### Exercise directions
Write out the entire listing below exactly, with the pictures left out.

### Provided material

'''

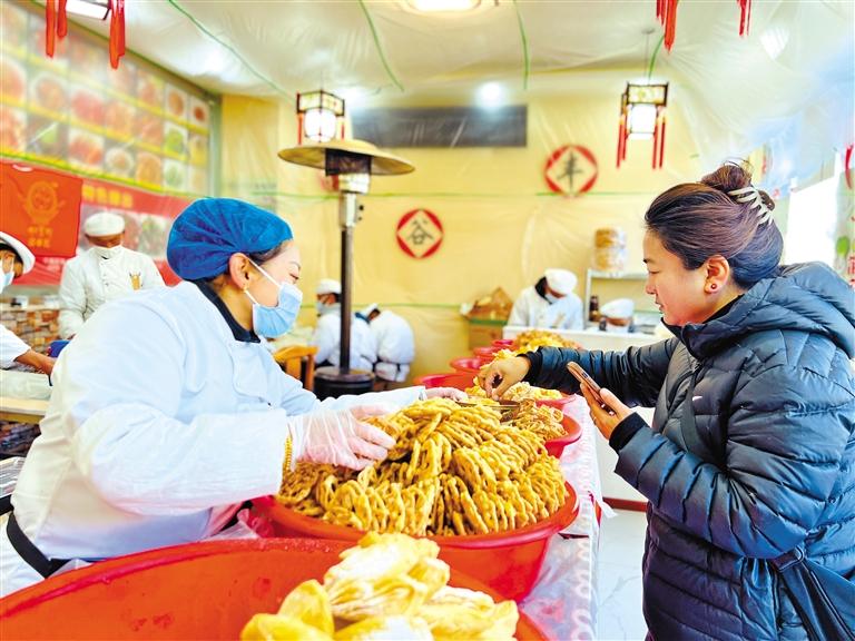 隨著春節(jié)和藏歷新年的臨近,拉薩年貨市場日漸火爆,街頭巷尾飄著陣陣“卡賽”香味?!翱ㄙ悺笔遣貧v新年必備年貨,記者隨機走進一家“卡賽”店,員工們正忙于炸制“卡賽”。市民扎桑說,在家制作“卡賽”費時費力,自己每年都會在市場上購買“卡賽”。
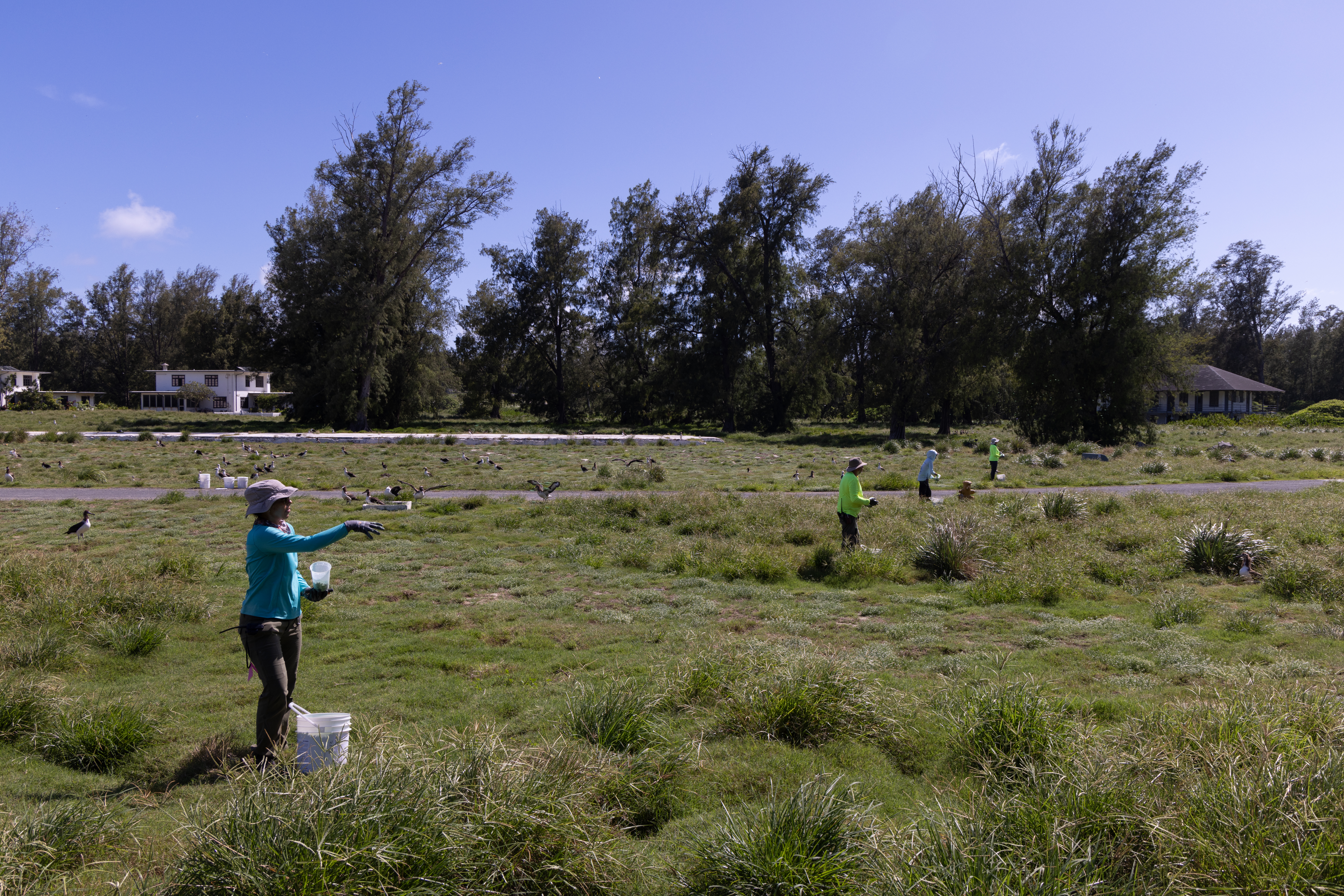 Members of the Island Conservation team hand broadcast bait as part of the Seabird Protection Project on Midway Atoll National Wildlife Refuge.
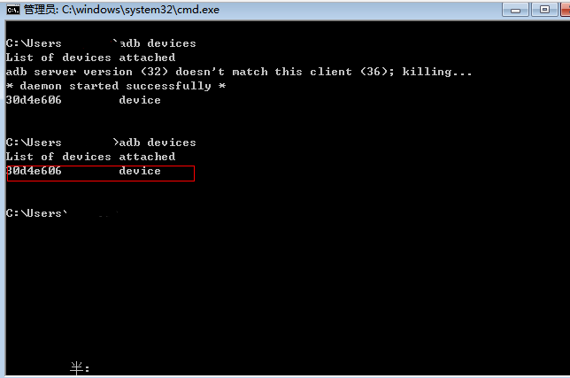 3、手机用数据线连电脑,如果安装了91助手或者360什么的可以先下载手机驱动,确认手机能连上 4、打开cmd输入:adb devices,当屏幕上出现一串字符,后面显示devices说明连接成功(出现其它的提示,得检查自己的环境了)
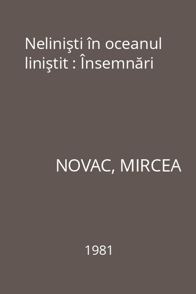 | Titlu | Nelinişti în oceanul liniştit : Însemnări |

'''

### Written answer
 隨著春節(jié)和藏歷新年的臨近,拉薩年貨市場日漸火爆,街頭巷尾飄著陣陣“卡賽”香味?!翱ㄙ悺笔遣貧v新年必備年貨,記者隨機走進一家“卡賽”店,員工們正忙于炸制“卡賽”。市民扎桑說,在家制作“卡賽”費時費力,自己每年都會在市場上購買“卡賽”。
 Members of the Island Conservation team hand broadcast bait as part of the Seabird Protection Project on Midway Atoll National Wildlife Refuge.
 3、手机用数据线连电脑,如果安装了91助手或者360什么的可以先下载手机驱动,确认手机能连上 4、打开cmd输入:adb devices,当屏幕上出现一串字符,后面显示devices说明连接成功(出现其它的提示,得检查自己的环境了)
 | Titlu | Nelinişti în oceanul liniştit : Însemnări |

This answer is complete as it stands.